If you don’t pay, they can appoint a bailiff to enter your business premises and make a Controlled Goods Agreement. That’s an inventory of the assets they can seize to cover the debt. They will also try to make a payment plan with you. If you refuse to sign the Controlled Goods Agreement or do not stick to the terms of a payment plan, the bailiff can seize company assets and sell them at auction to recover the debt.
What can I do?
If your business is financially viable and you want to save it, it’s still worth trying to make a deal with the creditor if you can. If you don’t make a deal, losing company assets and equipment could be the beginning of the end for your business.
A Statutory Demand is the next step in what is now a serious situation.

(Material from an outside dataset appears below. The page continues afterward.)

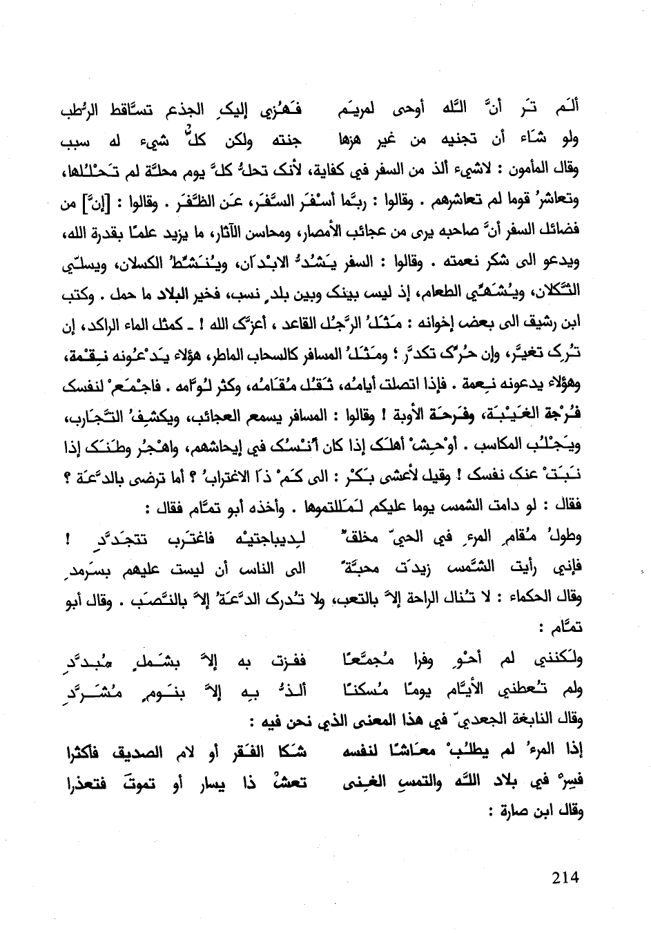 وقال المأمون: لا شيء ألذ من السفر في كفاية، لأنك تحل يوم محلة لم تحللها، وتعاشر قوماً لم تعاشرهم. وقالوا: ربما أسفر السفر، عن الظفر. وقالوا: إنَّ من فضائل السفر أنَّ صاحبه يرى من عجائب الأمصار، ومحاسن الآثار، وأمثال يزيد علما بقدرة الله، ويدعو إلى شكر نعمته. وقالوا: السفر يشد الأبدان، وينشط الكسلان، ويسلي الثكلان، ويشهي الطعام، إذ ليس بينك وبين بلدٍ نسب، فخير البلاد ما حمل. وكتب أبن رشيق إلى بعض إخوانه: مثل الرجل القاعد، أعزك الله! كمثل الماء الراكد، وإنَّ ترك تغير، وإنَّ حرك تكدر؛ ومثل المسافر كالسحاب الماطر، هؤلاء يدعونه نقمة، وهؤلاء يدعونه نعمة. فإذا اتصلت أيامه، ثقل مقامة، وكثر لوامه. فاجمع لنفسك فرجة الغيبة، وفرحة الأوبة! وقالوا: المسافر يسمع العجائب، ويكشف التجارب، ويحلب المكاسب. أوحش أهلك إذا كان انسك في إيحاشهم، واهجر وطنك إذا نبت عنك نفسك! وقيل لأعشى بكر: إلى كم ذا الاغتراب؟ أما ترضى بالدعة؟ فقال: لو دامت الشمس يوماً عليكم لمللتموها. وأخذ أبو تمام فقال:

The CCJ has the effect of proving the debt in law - the Statutory Demand goes further by making a formal demand for that debt to be paid. You now have 18 days to challenge the demand or 21 days to pay the debt in full or reach a repayment agreement.
What can I do?
You can challenge a Statutory Demand, but only if you have genuine grounds for doing so. If you cannot pay the debt in full, get advice from an insolvency practitioner immediately. They will help you understand your options, such as proposing a Company Voluntary Arrangement (CVA) to repay what you owe over time or putting the company into Administration. Alternatively, if the business is no longer viable, the best approach could be to close it down voluntarily via a Creditors’ Voluntary Liquidation (CVL).
Winding Up Petition
If you do not pay or successfully challenge a Statutory Demand, a creditor can issue a Winding Up Petition against your business. This is something a creditor will only do as a last resort once they have exhausted all other options.

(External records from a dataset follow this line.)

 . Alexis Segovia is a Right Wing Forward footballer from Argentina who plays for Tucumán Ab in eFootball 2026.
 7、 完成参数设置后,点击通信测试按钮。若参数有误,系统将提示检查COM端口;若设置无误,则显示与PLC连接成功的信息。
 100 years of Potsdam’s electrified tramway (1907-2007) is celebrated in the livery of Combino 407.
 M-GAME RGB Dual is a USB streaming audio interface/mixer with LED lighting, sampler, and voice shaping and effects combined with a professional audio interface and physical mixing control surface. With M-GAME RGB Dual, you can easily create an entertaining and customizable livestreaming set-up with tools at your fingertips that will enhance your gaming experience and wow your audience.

Once you receive a Winding Up Petition, you have just seven days to pay what you owe. If you don’t, the petition will be advertised in the Gazette and made public. The company’s bank accounts will then usually be frozen and it will become very difficult to pay the debt or continue to trade. A date for the court hearing will be set, typically eight to 10 weeks after you receive the petition. At the hearing, the likelihood is that the court will grant a Winding Up Order and the company will be forced into Compulsory Liquidation.
What can I do?
You have to act quickly and decisively if you want to save your business. It’s worth trying to raise the money to pay the debt using emergency funding. If funding isn’t immediately available, you could ask the court to grant an adjournment to give you more time to make the payment.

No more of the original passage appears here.